Give again, character for character, the lines that lie between the first line of the material and the line with "Esperienza immersiva vitivinicola", inclusive. Omit pictures.

————

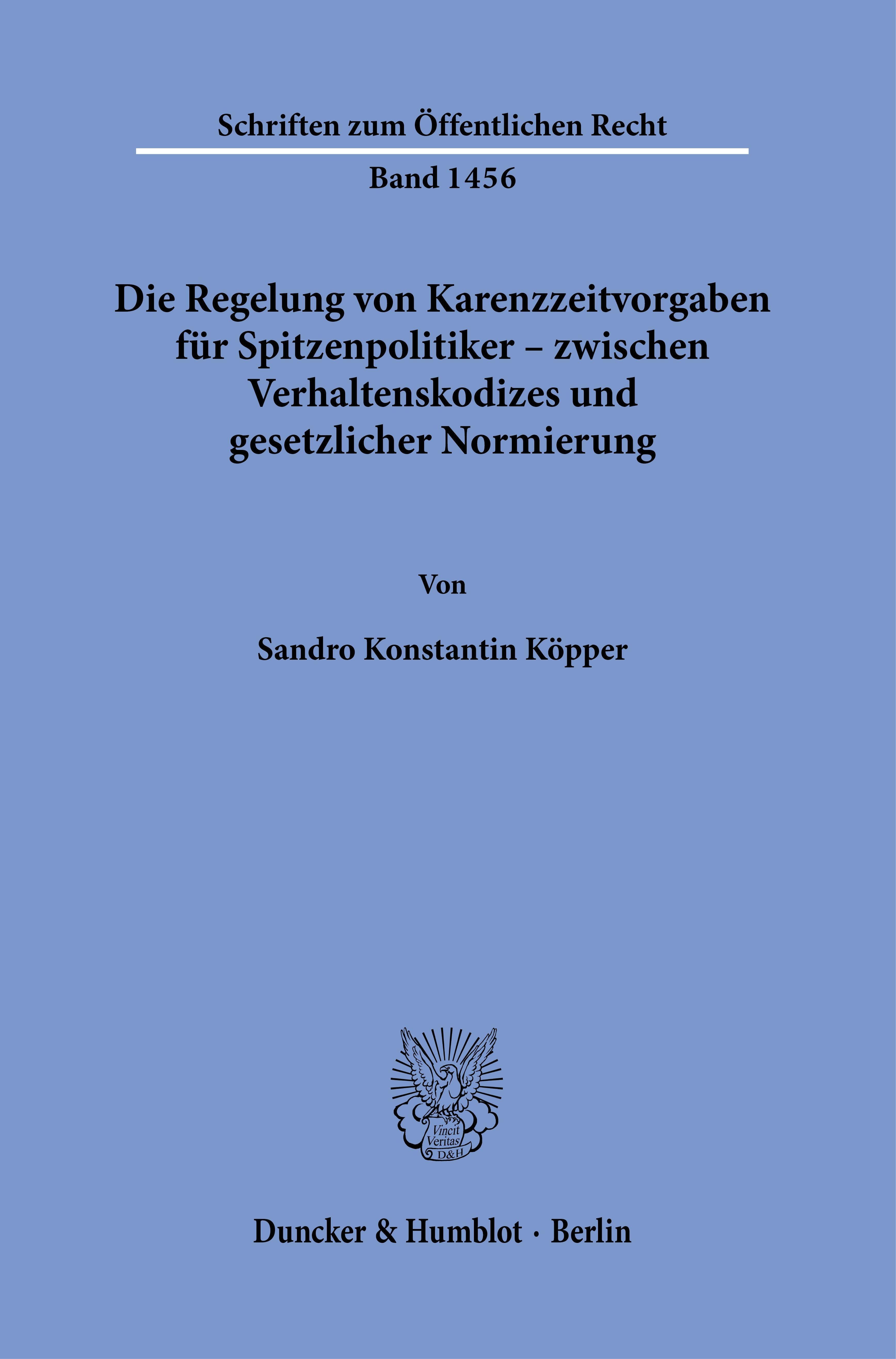 Die Regelung von Karenzzeitvorgaben für Spitzenpolitiker - zwischen Verhaltenskodizes und gesetzlicher Normierung. (niemiecki)
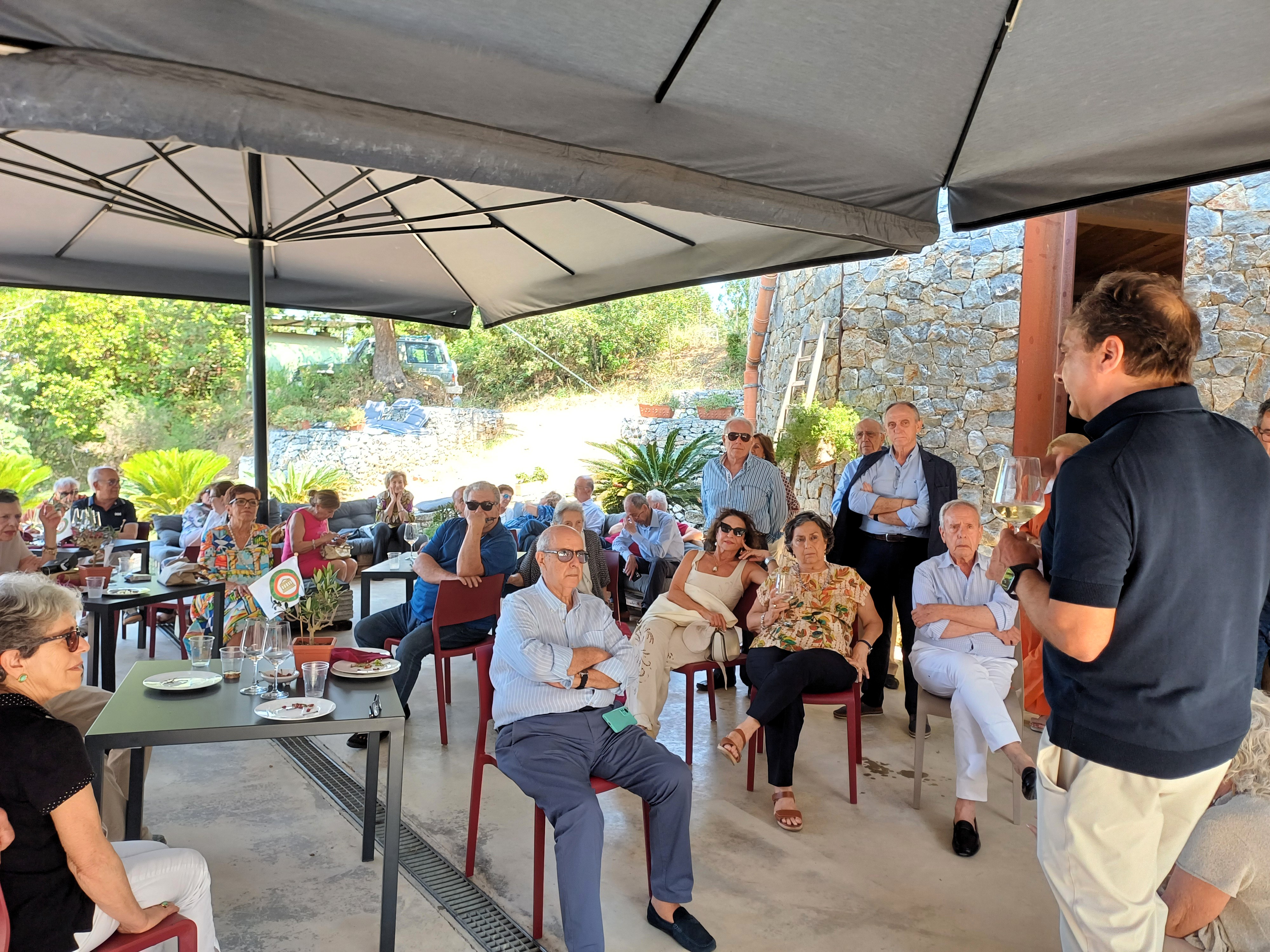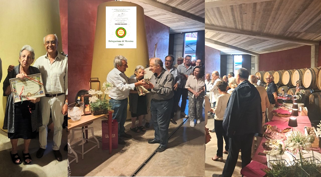 Esperienza immersiva vitivinicola nel cuore della denominazione Faro DOC, nella cantina Le Casematte, con percorso enologico accompagnato da abbinamenti fra i più noti della tradizione gastronomica messinese. Dopo la visita alla vigna e ai locali della cantina con i contenitori di affinamento, il percorso e la filiera enologica sono stati illustrati dal fondatore Gianfranco Sabbatino, affiancato nell’impresa vinicola da Andrea Barzagli. Gli Accademici si sono poi ritrovati nella sala degustazione, in parte interrata, dove sono stati serviti sfizi al vassoio e piatti della tradizione al buffet, tra cui tuma fritta, crocchette, bracioline alla messinese, salumi e formaggi, caponatina, pizza alla disgraziata e fusilli al pesto trapanese. Piatti sapientemente accostati al Peloro bianco DOC, al Pharis DOC 2023, al Rosematte IGP, al Nanucci IGP 2023 e al Faro DOC 2023, che hanno registrato corale apprezzamento per il gusto classico e moderno, frutto di una conduzione biologica del piccolo vigneto. Dopo il conferimento dell’attestato di benemerenza del Presidente e del distintivo con brillante Swarovski a Pina Noè Cultrone per i suoi quarant’anni di Accademia, e del diploma di appartenenza e distintivo dei 35 anni all’accademico Paolo Scarcella, il particolare convivio si è concluso con la consegna del guidoncino al titolare della Cantina, plaudendo per vini, proposta gastronomica e servizio.
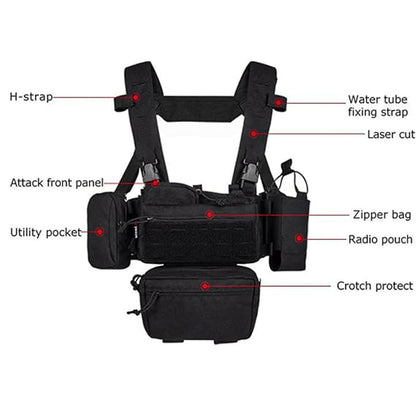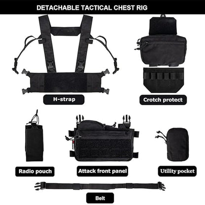 The Modular Rapid Assault Tactical Chest Rig is completely versatile to cater to your mission. It is made of 1000D Nylon for superior resistance to abrasion and tearing, with water-repellent properties. It's easy to wear and take off, with detachable, configurable pouches and accessories that can be arranged to your own needs. Make it yours for wilderness adventures and survival prepping for airsoft tourneys.
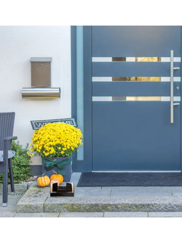 Der Schuhabtreter mit Rundum-Bürsten ist ein starker Mitstreiter, wenn Sie verdreckte Stiefel, Arbeits- oder Gartenschuhe schnell und unkompliziert von grobem Schmutz befreien wollen. Dem Dreck rücken Sie mit 4 Schuhbürsten auf einmal zu Leibe, die mit stabilen Kunststoff-Borsten ausgestattet sind. Dafür brauchen Sie sich nicht extra zu bücken. Die Bodenbefestigung (Montagematerial enthalten) ermöglicht eine rutschfeste Schuhreinigung im Außenbereich.
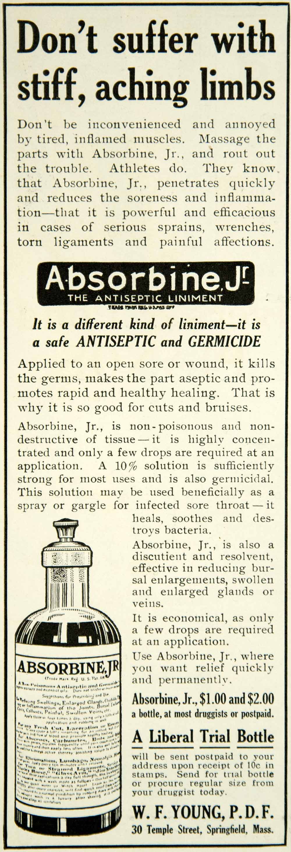 This is an original 1915 black and white print ad for Absorbine Jr., an antiseptic liniment from W. F. Young, who was located at 30 Temple Street in Springfield, Massachusetts.
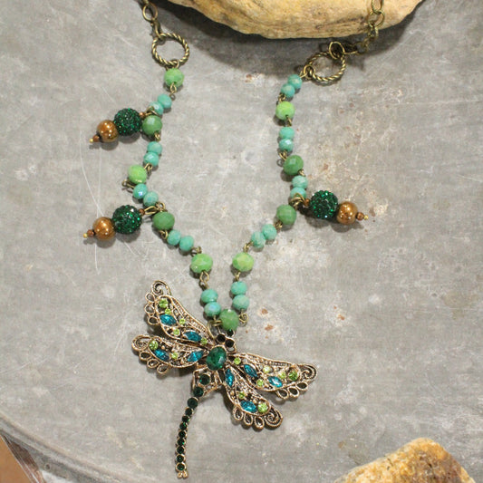 New Beginnings Dragonfly & Bronze Metal Charmers Necklace
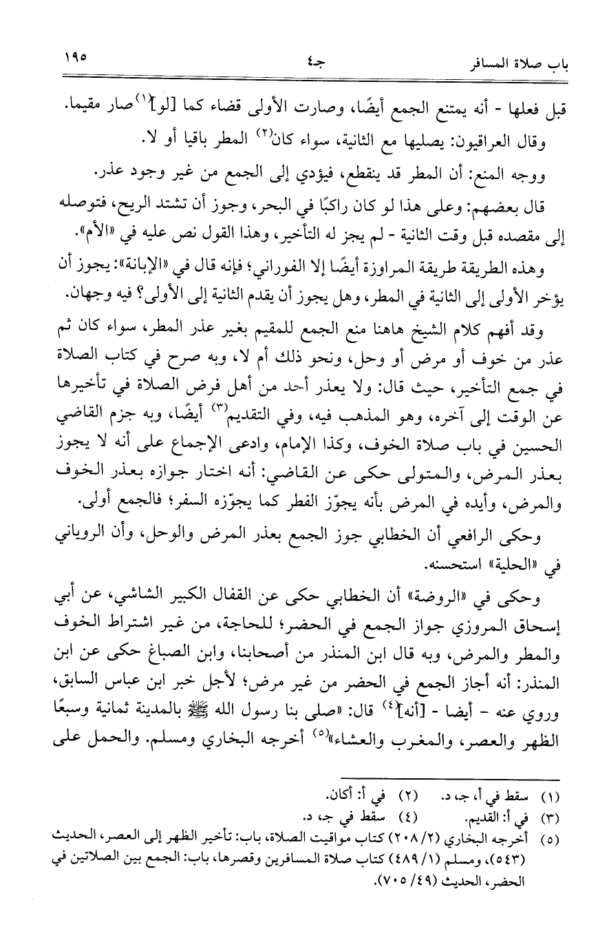 وحكى في "الروضة" أن الخطابي حكى عن القفال الكبير الشاشي، عن أبي إسحاق المروزي جواز الجمع في الحضر؛ للحاجة، من غير اشتراط الخوف والمطر والمرض، وبه قال ابن المنذر من أصحابنا، وابن الصباغ حكى عن ابن المنذر: أنه أجاز الجمع في الحضر من غير مرض؛ لأجل خبر ابن عباس السابق، وروي عنه- أيضاً-[أنه] قال: "صلى بنا رسول الله صلى الله عليه وسلم بالمدينة ثمانية وسبعاً الظهر والعصر، والمغرب والعشاء" أخرجه البخاري ومسلم. والحمل على
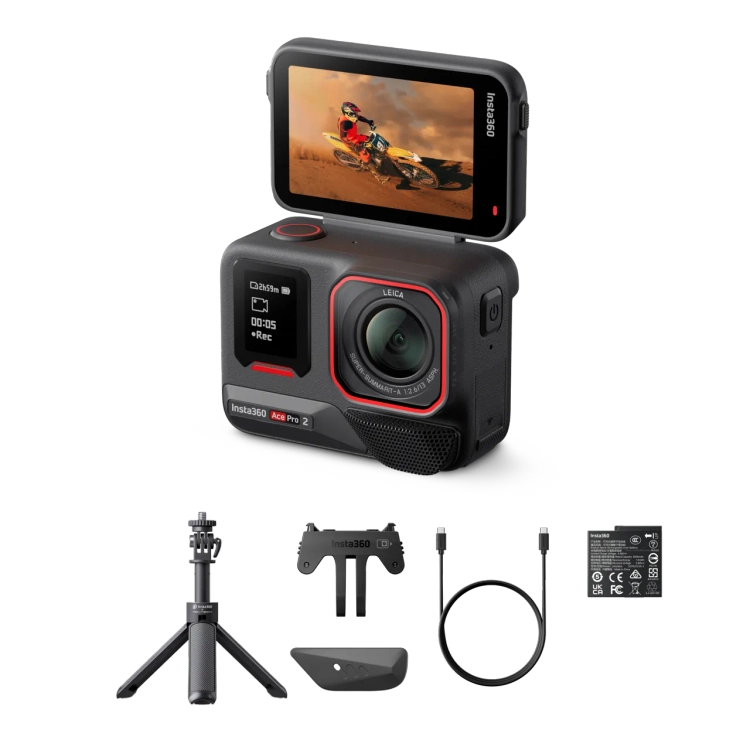 ※ 세트 번들 구성: Insta360 Ace Pro 2 x1, 윈드 가드(카메라에 사전 장착됨) x1, 배터리 x2, 표준 마운트 x1, 마이크 캡 x1, USB-C 케이블 x1, 미니 투인원 삼각대 x1

————

■ RESULT:
 Die Regelung von Karenzzeitvorgaben für Spitzenpolitiker - zwischen Verhaltenskodizes und gesetzlicher Normierung. (niemiecki)
 Esperienza immersiva vitivinicola nel cuore della denominazione Faro DOC, nella cantina Le Casematte, con percorso enologico accompagnato da abbinamenti fra i più noti della tradizione gastronomica messinese. Dopo la visita alla vigna e ai locali della cantina con i contenitori di affinamento, il percorso e la filiera enologica sono stati illustrati dal fondatore Gianfranco Sabbatino, affiancato nell’impresa vinicola da Andrea Barzagli. Gli Accademici si sono poi ritrovati nella sala degustazione, in parte interrata, dove sono stati serviti sfizi al vassoio e piatti della tradizione al buffet, tra cui tuma fritta, crocchette, bracioline alla messinese, salumi e formaggi, caponatina, pizza alla disgraziata e fusilli al pesto trapanese. Piatti sapientemente accostati al Peloro bianco DOC, al Pharis DOC 2023, al Rosematte IGP, al Nanucci IGP 2023 e al Faro DOC 2023, che hanno registrato corale apprezzamento per il gusto classico e moderno, frutto di una conduzione biologica del piccolo vigneto. Dopo il conferimento dell’attestato di benemerenza del Presidente e del distintivo con brillante Swarovski a Pina Noè Cultrone per i suoi quarant’anni di Accademia, e del diploma di appartenenza e distintivo dei 35 anni all’accademico Paolo Scarcella, il particolare convivio si è concluso con la consegna del guidoncino al titolare della Cantina, plaudendo per vini, proposta gastronomica e servizio.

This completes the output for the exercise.